Wait, it hasn't even been a year since the "particularly horrible period" in your marriage, during which you had an emotional affair? And you think you've "graduated" from therapy because your marriage is "better than it ever was" and has "never been this good"?

It hasn't even been a year. I don't know you, so maybe what you say is true. But it sounds like heavy denial to me. Especially when you couple it with "I am giving myself a couple of weeks".

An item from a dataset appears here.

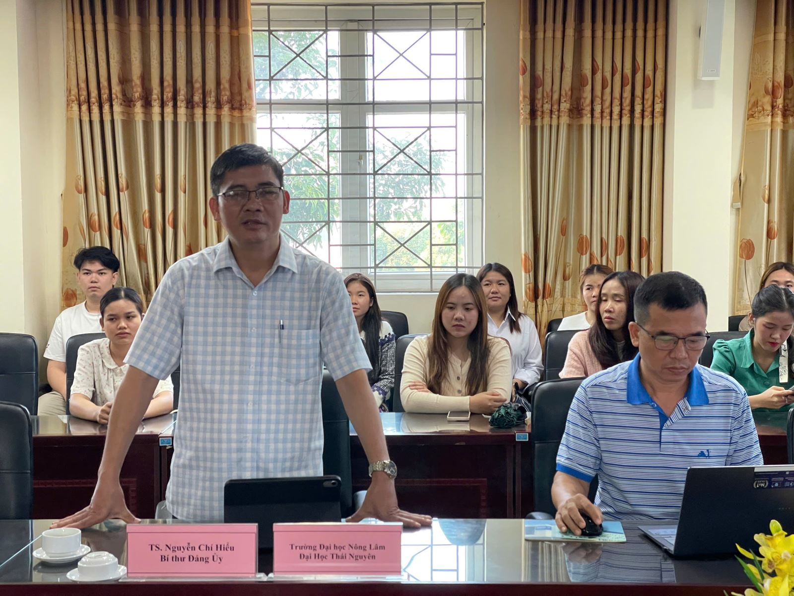 Về phía Trường Đại học Nông Lâm có: TS. Nguyễn Chí Hiểu - Bí thư Đảng ủy, Phó Hiệu trưởng Nhà trường, cùng lãnh đạo các phòng, ban và các bạn lưu học sinh Lào đang học tập tại Trường.

It doesn't sounds like you've done an honest moral inventory of your EA at all, which may be why you don't want to find a new therapist and go through the whole story (you wrote "again" but, if you'd really gone through it all, to the crumbs in the corners, there wouldn't be lingering mess like this).

It sounds like you may have done the "smile and nod" to your old therapist, who realized there wasn't more they could make available to you, a person in denial. People have to choose change; going to therapy isn't a magic pill.

Again, I don't know you, OP. Maybe you really are just that good, and everything's just as hunky-dory as you claim. But, if it were, would you be posting this here? I think not. Do yourself a favor and get honest about these feelings/projections/fantasties you keep indulging, and why, and what's not perfect in your marriage (no relationship with another human being will ever be perfect; we're all flawed creatures).

And then, if you're willing to be honest and get this resolved, go to therapy and tell the whole truth.
Anonymous
Meditation. Any approach geared towards rumination. Your brain is looping. Focus on neuroplasticity
Anonymous
Give into the fantasy and then see it all the way through. Think through the enjoyable parts (which you have apparently), but then envision your spouse finding out, and your kids. Imagine your EA partner’s family finding out. Imagine word spreading through your social community, the shame of it. Then the split. Not having your kids on Christmas morning because shared custody. Living at a lower financial status. Etc. etc. Really marinate on the bad parts of it the way you have the good parts of it. Train your mind to associate your EA partner with all the negative stuff that would come to create a new emotional response to thoughts of him.